Modulus of Rigidity, G = $\frac{Shear Stress}{Shear strain}$

Shear Strain = $\frac{Shear stress}{G}$

From the diagram, Shear Strain φ = $\frac{PR'}{QR}$

Since Shear Stress = τ ,

$\frac{RR'}{QR} = \frac{τ}{G} .......(i)$

From R, drop a perpendicular onto distorted diagonal PR'

The strain experienced by the diagonal = $\frac{TR'}{PR} (Considering \ \ that \ \ PT \ \ ≈ \ \ PR)$

=$\frac{RR'cos45}{(QR/ cos45)} = \frac{RR'}{2QR}$

Strain of the Diagonal PR = $\frac{RR'}{2QR} = \frac{τ}{2G} (From I ) ........(ii)$

Let f be the Direct Stress induced in the diagonal PR due to the Shear Stress τ

Strain of the diagonal = $\frac{τ}{2G} = \frac{f}{2G}..........(iii)$

The diagonal PR is subjected to Direct Tensile Stress while the diagonal RS is subjected to Direct Compressive Stress.

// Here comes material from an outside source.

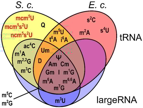 Venn diagram of modified nucleosides, which are produced in the presented SILIS preparation. S. c.: Saccharomyces cerevisiae; E. c.: Escherichia coli. Color code: tRNAs, red and yellow; large RNAs, blue. Red text: Wobble uridines. The full names of the abbreviated modified nucleosides are found in Table 1.
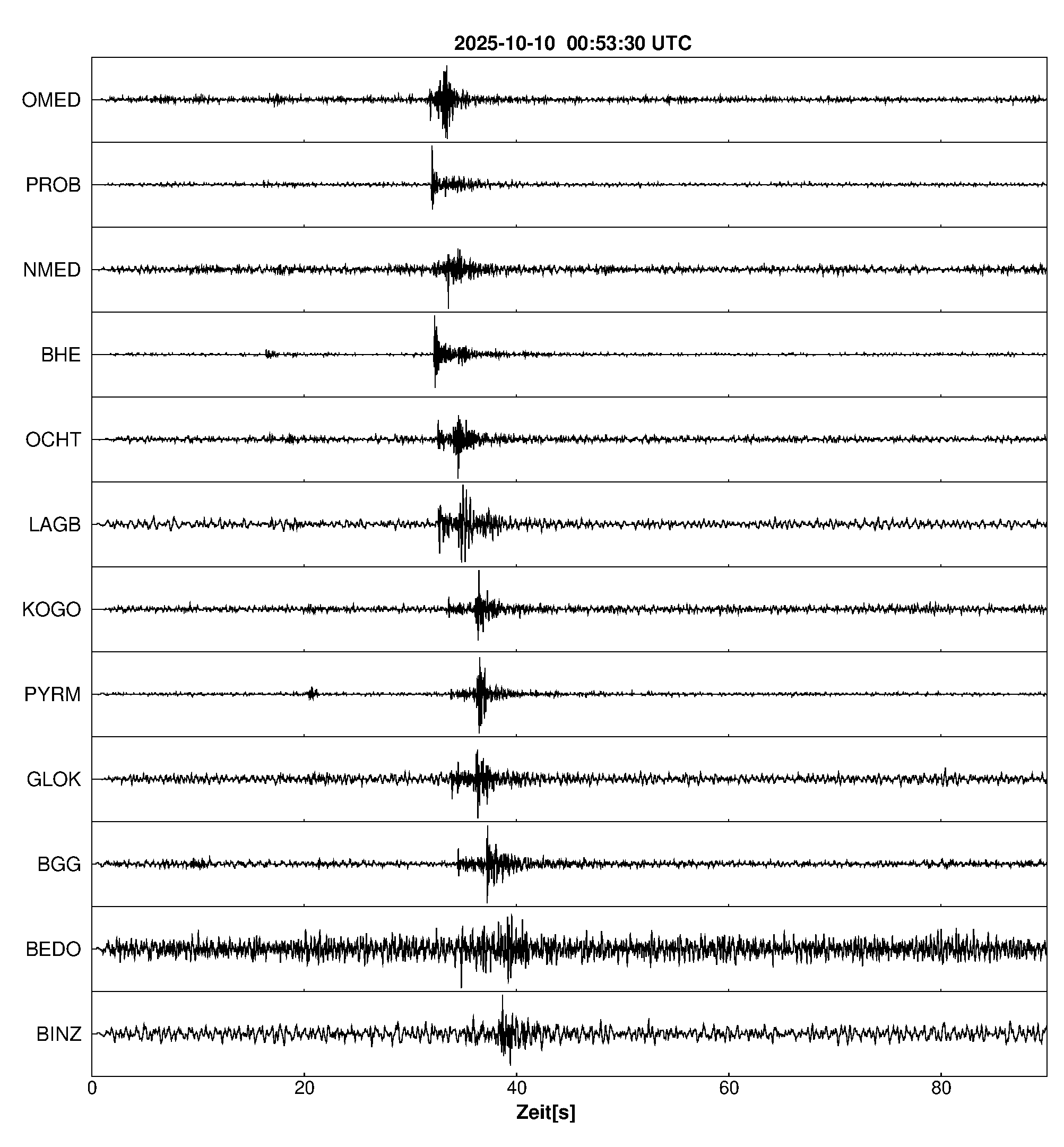 Pfadnavigation Startseite Geologischer Dienst Erdbeben Aktuelle Erdbeben Erdbeben bei Glees, Lkrs. Ahrweiler, RP Teilen Erdbeben bei Glees, Lkrs. Ahrweiler, RP Erdbeben bei: Glees, Lkrs. Ahrweiler, RP Datum/Uhrzeit: am 10.10.2025 um 02:54 Uhr Ortszeit (MESZ) Stärke: 0.6 (Magnitude auf der Richter-Skala) Epizentrum: 50.4° N ㅤ 7.25° E Herdtiefe: ca. 8 km unter der Erdoberfläche Bemerkung: sehr schwaches Erdbeben Seismogramme ausgewählter Erdbebenmessstationen: Erläuterungen: Datum/Uhrzeit:Datum und Zeit des Erdbebens in Ortszeit, also MEZ oder MESZ; Epizentrum:Punkt an der Erdoberfläche über dem Hypozentrum (Lage des Erdbebenherdes in der Tiefe); Magnitude:Erdbebenstärke auf der Richterskala (Lokalmagnitude ML); Herdtiefe:Tiefe des Erdbebens (Hypozentrums) in Kilometern unter NN. Seismogramme:Details zu den Erdbebenmessstationen finden sich im Kartenviewer des LGRB (Baden-Württemberg) und im Kartenviewer des LGB (Rheinland-Pfalz).

The total strain on Diagonal PR would be = $\frac{f}{E} + \frac{1}{m}(\frac{f}{E})$

$= \frac{f}{E} (1 + \frac{1}{m})...........(iv)$

Comparing Equations (III) and (IV), we have

$\frac{f}{2G} = \frac{f}{E}(1 + \frac{1}{m})$

Re – arranging the terms, we have,

$$E = 2G(1 + \frac{1}{m})...........(A)$$

(b) Relationship between E and K

Instead of Shear Stress , let the cube be subjected to direct stress f on all faces of the cube.

We know,

$e_v = \frac{f_x + f_y + f_z}{E}[1 - \frac{2}{m}]$

Since $f = f_x = f_y = f_z$

$e_v = \frac{3f}{E}[1 - \frac{2}{m}].............(v)$

Also, by the definition of Bulk Modulus,

$e_v = \frac{f}{K}...........(vi)$

Equating (V) and (VI), we have:

$\frac{f}{K} = \frac{3f}{E}[1 - \frac{2}{m}]$

$$E = 3K[1 - \frac{2}{m}]..............(B)$$

(c) Relationship between E, G and K

From the equation (A),

$\frac{1}{m} = \frac{E-2G}{2G}$

From the equation (B)

$\frac{1}{m} = \frac{3K - E}{6K}$

Equating both, we get,

$\frac{E - 2G}{2G} = \frac{3K - E}{6K}$

Simplifying the equation, we get,

$$E = \frac{9KG}{3K + G}$$

This is the relationship between E, G and K.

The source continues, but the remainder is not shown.